Selasa, 23 Juli 2013


Masih segar dalam pemberitaan mengenai lima pencari gaharu yang terjebak di atas pohon selama lima hari karena dikepung oleh lima ekor harimau yang mengamuk karena para pria tersebut telah membunuh seekor anak harimau. Berikut tersaji analisis dari peristiwa tersebut.
Setelah lima hari terjebak di atas pohon untuk menghindari induk harimau Sumatera yang mengamuk, kelima pria yang memasang jerat dan membunuh seekor anak harimau Sumatera ini berhasil dievakuasi oleh tim penyelamat.
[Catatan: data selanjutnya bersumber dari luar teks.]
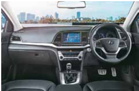
Driver Centric Ergonomic Design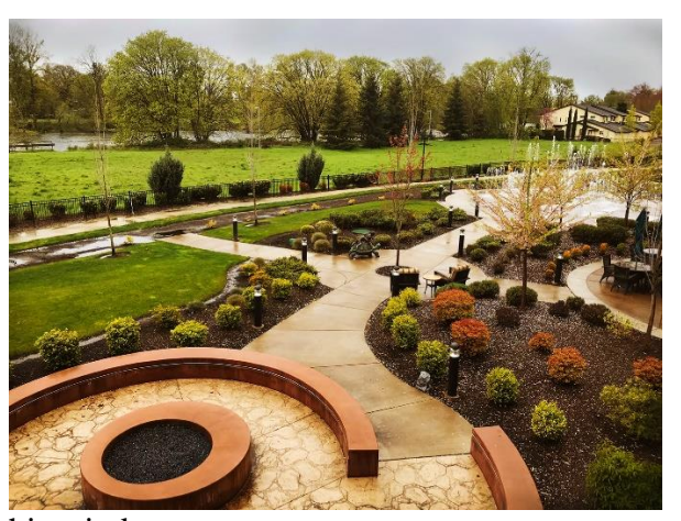
Views outside his windows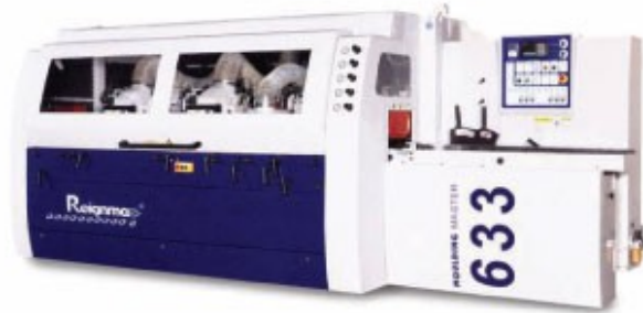
重型四面木工刨床机 Heavy Duty Four Side Moulder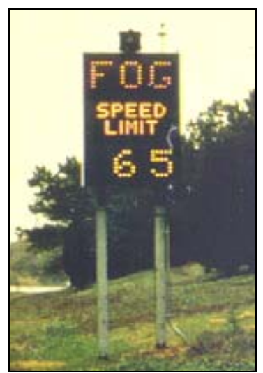
Figure 3 – VSL Sign

In December, 1990 a 99-vehicle collision on Interstate 75 in southeastern Tennessee prompted the design and deployment of a fog detection and warning system. The system covers a threemile, fog-prone section above the Hiwassee River and eight-mile road sections on each side of the river. A central computer system predicts and detects conditions conducive to fog formation by continually monitoring data from two environmental sensor stations (ESS), eight fog detectors and 44 vehicle speed detectors. The computer system alerts traffic and emergency managers when established threshold criteria are met, correlates field sensor data with predetermined response scenarios, and recommends responses based upon prevailing field conditions.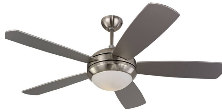
BEDROOM/GREAT ROOM: Brushed steel five bladed 52" ceiling fan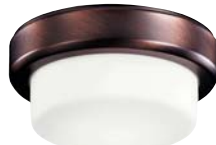
380046 OBB Fluorescent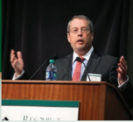
Commissioner David Porter of the Texas Railroad Commission said hydraulic fracturing is key to new oil production.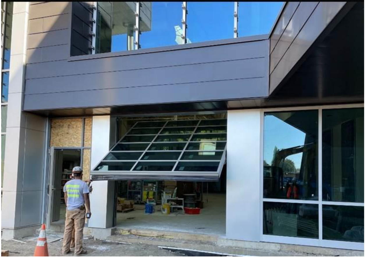
One of two roll-up doors connecting the common area to the courtyard outside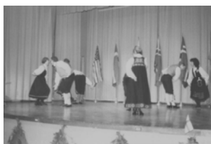
Leikaringen Dancers 1984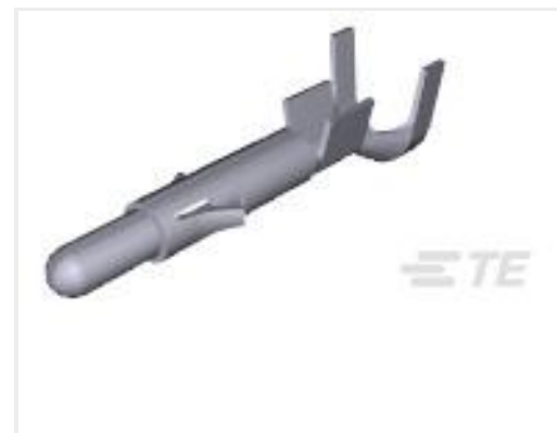
TE Part #350538-1 UMNL PIN 20-14 .0126 PTPBR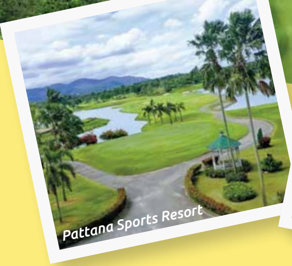
Pattana Sports Resort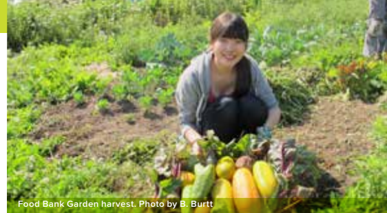
Food Bank Garden harvest.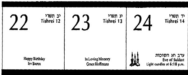
Sample calendar date space

Include business card, camera-ready ad or print the text of your message below. If necessary, type ad on a separate paper. For Anniversary, Birthdays, or Yahrtzeit, please include name of person & Hebrew or civil date of occasion.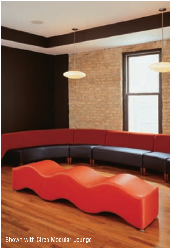
Shown with Circa Modular Lounge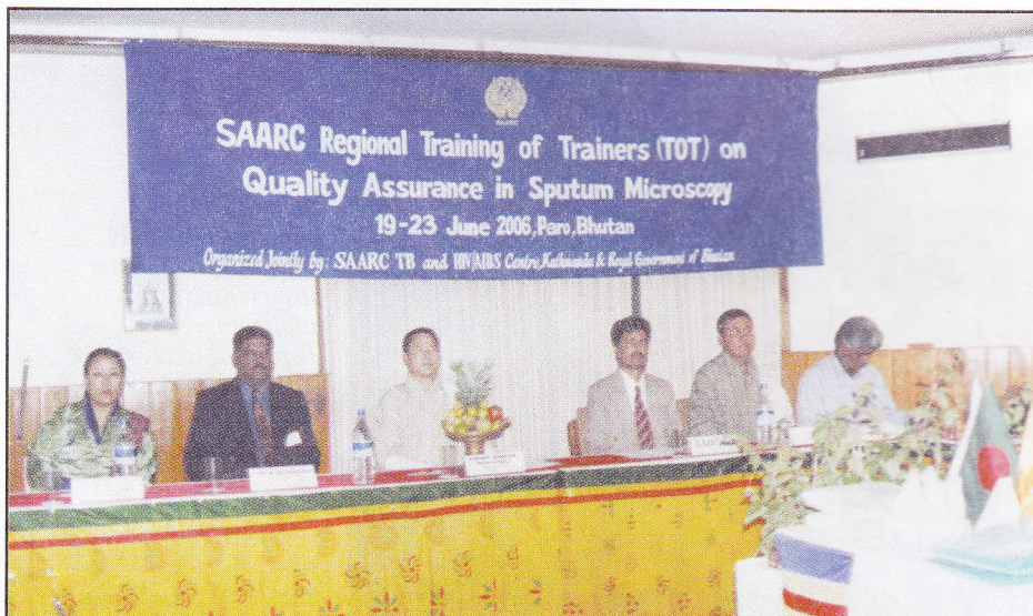
Inauguration of ToT on QA held in Bhutan

Tim yang berjumlah kurang lebih 30 orang ini terdiri dari aparat kepolisian, TNI, pihak taman nasional, LSM, BKSDA setempat dan tim SAR. Sebelum tim ini menyelamatkan kelima pria ini, sejumlah penduduk desa sempat berupaya menyelamatkan mereka, namun akhirnya terpaksa berbalik karena kelima harimau masih menunggui di bawah pohon.
Tim penyelamat berhasil menemukan kelima pria yang masih ditunggui oleh lima ekor harimau Sumatera dewasa saat diselamatkan dari sebuah pohon di Taman Nasional Leuser di Aceh Tamiang. "Saya menerima kabar dari tim evakuasi bahwa mereka sudah berhasil diselamatkan setelah tiga orang pawang berhasil menjauhkan harimau dari sekitar lokasi penyelamatan," ungkap Letnan Satu Surya Purba, Juru Bicara pihak kepolisian setempat. Kelima pria yang selamat ini adalah Adi Susilo, Mujiono, Budi Setiawan, Suriadi, dan Awaludin.
Ilustrasi: Harimau Sumatera (FOTO: Huffington Post)
Ilustrasi: Harimau Sumatera (FOTO: Huffington Post)
Seperti dilansir oleh BBC.co.uk, Kepala Taman Nasional Leuser, Andi Basrul menyatakan bahwa para pencari kayu gaharu tersebut dibawa ke desa terdekat, yang berjarak enam jam berjalan kaki. Sementara Jamal Gayu dari Leuser International Foundation mengatakan bahwa kelima pria ini berada dalam kondisi sangat lemah setelah mereka tidak makan samasekali selama tiga hari, setelah lima hari terjebak di pohon. Salah satu rekan mereka bernama David, sudah lebih dulu tewas setelah dicabik oleh harimau Sumatera yang mengamuk setelah anaknya mati terjerat jebakan besi yang dipasang para pencari gaharu ini.
Gaharu adalah sejenis kayu yang mengandung creosote khas yang sangat wangi dan umumnya digunakan dalam industri parfum dan berharga sangat mahal. Harga setiap kilogram gaharu biasanya berkisar Rp 5 juta.
Keenam pria ini yang merupakan warga dari Desa Simpang Kiri di Kabupaten Aceh Tamiang ini memasuki kawasan taman nasional untuk mencari gaharu pada hari Selasa, 2 Juli 2013 silam, dan dalam perjalanan mereka terpaksa berurusan dengan harimau Sumatera pada Kamis 4 Juli 2013 silam.
Dalam perjalanan, biasanya para pencari gaharu ini biasanya mencari satwa di hutan untuk dijadikan bahan makanan. Hal yang sama dilakukani dengan keenam pria yang mulai masuk ke hutan sejak pekan lalu ini. Mereka memasang jerat dari tali besi untuk menangkap rusa. Sayang, bukan rusa yang didapat, namun justru anak harimau yang masuk perangkap. Anak harimau ini joke mati dan sontak membuat induknya mengamuk dan membunuh David yang saat itu masih dalam jangkauannya. Sementara kelima rekan David yang lain, berhasil menyelamatkan diri dengan naik ke pohon untuk menyelamatkan diri.
Sejak itu, kelima pria ini tertahan di atas pohon, karena induk harimau tersebut belakangan ditemani oleh empat individu harimau Sumatera lainnya, dan mengepung mereka hingga saat mereka dievakuasi lima hari kemudian.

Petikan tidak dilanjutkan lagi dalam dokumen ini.